*** Input records ***

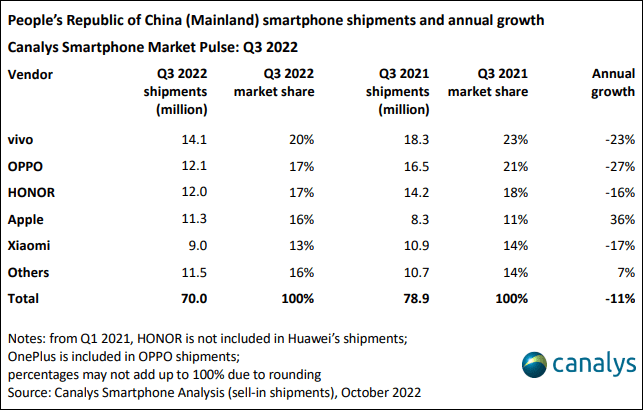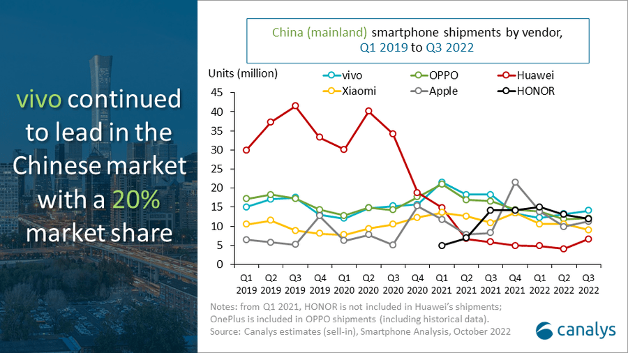 Kezdjük a feketelevessel. Nem csak globálisan, hanem Kínában is mutatkozott egyfajta visszaesés az 2021-hez képest. Míg tavaly a harmadik negyedévben 78.9 millió okostelefon került leszállításra, addig idén az azonos időszakban mindössze 70 millió. Ez 11%-os visszaesés, amit a gazdaság megérez. A megfigyelt régióban 2022-es évben a Vivo és az Oppo tudott megújulni azáltal, hogy rendezték a készletgondjaikat. Ki is fizetődött a stratégiájuk, ugyanis a dobogó legfelső fokait foglalhatják el, még ha 23-27%-os csökkenés mutatkozik.
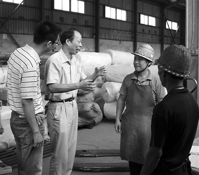 官祖振(左二)到车间调查职工对工资集体协商的满意度。薛晓秋 摄
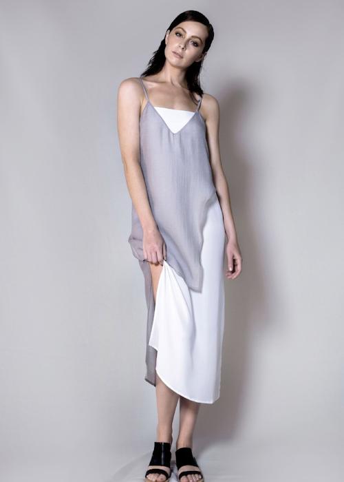 Midi length slip dress featuring double silk georgette with a washed linen overlay highlighting details of skirt side slits. Finished with single straps and a straight neckline featuring a silk peekaboo triangle contrast. Luxe, airy and fluid feel. Style this sleek dress with slip sandals or pumps, or pair with our Tuck It Tunic Top for a layered ensemble
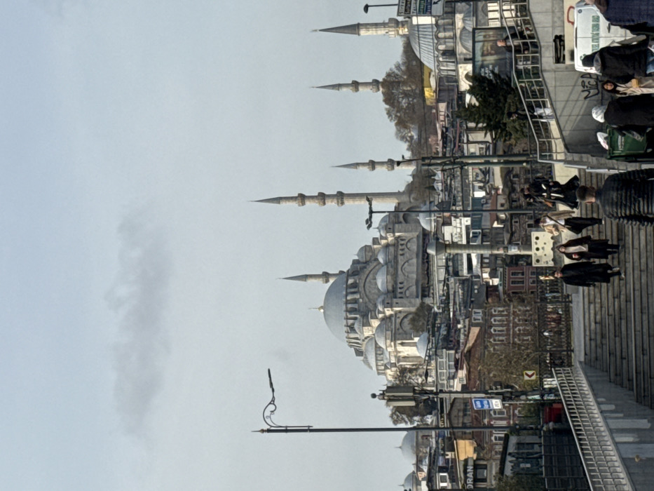 The image depicts a cityscape featuring prominent mosque architecture with multiple domes and minarets. A cloudy sky forms the backdrop, while streetlights and buildings fill the foreground. Pedestrians walk along a pathway, and various signs and street furniture are visible amidst the urban setting.
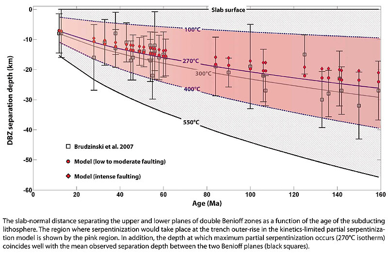 - the observed spacing of double Benioff zones is consistent with the temperature dependence of serpentinization reaction kinetics, i.e., the average depth of the second seismic zone correlates to the depth of maximum serpentinization prior to subduction
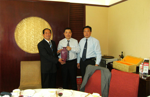 二00六年十月,河南嵩山甄氏文化研究会,迎接侨居美国的甄润海、甄肇真等宗亲一行寻根联谊代表团到河南。丰瑞知道后非常重视。他自己慷慨解囊,出资数万元多次赴神垕大宋官窑,与钧瓷专家商量定造型和底款,最终决定烧造“观音瓶”型,底款落“大宋官窑荣昌钧瓷坊・豫甄”字款。在制作和烧制过程中,他很是关心,他要求师傅专门为中外甄氏族人烧制出精品钧瓷宝瓶,他亲自从两窑中挑选出了五十多件珍品。在中美联谊大会上,他亲自赠给美国甄氏宗亲每人一个宝瓶。旅美的甄润海等宗亲说:“河南的宗亲真是热情,赠送了这么珍贵的礼物,我们回去后将世世代代好好收藏。”同时,他还先后分向参会的甄氏宗亲赠送了造型奇特,开片精美的钧瓷宝瓶。
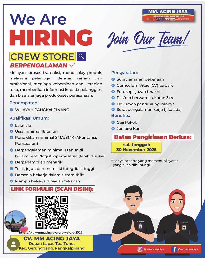 info Loker Crew Fresh & Crew Store-MM ACING JAYA Pangkalpinang
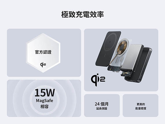 電池容量:7.74Vdc/38.7Wh,輸出:Type-C孔,MagSafe相容,厚度僅約1.43cm,超薄磁吸式,官網登錄序號 保固延長18+6共24個月(無登錄序號保固18個月)
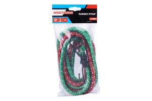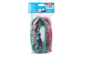 Elastic rubber straps, braided with polyester and ended with plastic-coated steel wire hooks on both sides for attaching luggage.
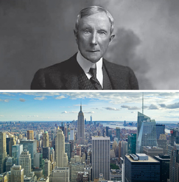 Рокфеллер был одним из первых, кто начал развивать нефтяную отрасль, которая тогда только зарождалась. Благодаря разным хитрым схемам, к 1880 году Джон контролировал 95% нефтедобычи. До этого момента он держал цены на нефть демократичными, но, получив полную монополию, сразу взметнул их в небеса. Даже антимонопольное законодательство ничего смогло сделать против Рокфеллера. Свою большую фирму он разбил на 34 маленькие компании, сохранив в каждой контрольный пакет. Современные Эксон Мобил, BP, Шеврон и прочие нефтяные гиганты являются дочками рокфеллеровской Стэндарт Оил. Ближе к старости Джон Рокфеллер переобулся в филантропа. Он много жертвовал церквям, детям, образованию. Эмпайер Стэйт Билдин построил тоже он.

***

Set down word for word the lines above from the one with "Midi length slip" up to and including the one with "The image depicts". Omit every picture.

 Midi length slip dress featuring double silk georgette with a washed linen overlay highlighting details of skirt side slits. Finished with single straps and a straight neckline featuring a silk peekaboo triangle contrast. Luxe, airy and fluid feel. Style this sleek dress with slip sandals or pumps, or pair with our Tuck It Tunic Top for a layered ensemble
 The image depicts a cityscape featuring prominent mosque architecture with multiple domes and minarets. A cloudy sky forms the backdrop, while streetlights and buildings fill the foreground. Pedestrians walk along a pathway, and various signs and street furniture are visible amidst the urban setting.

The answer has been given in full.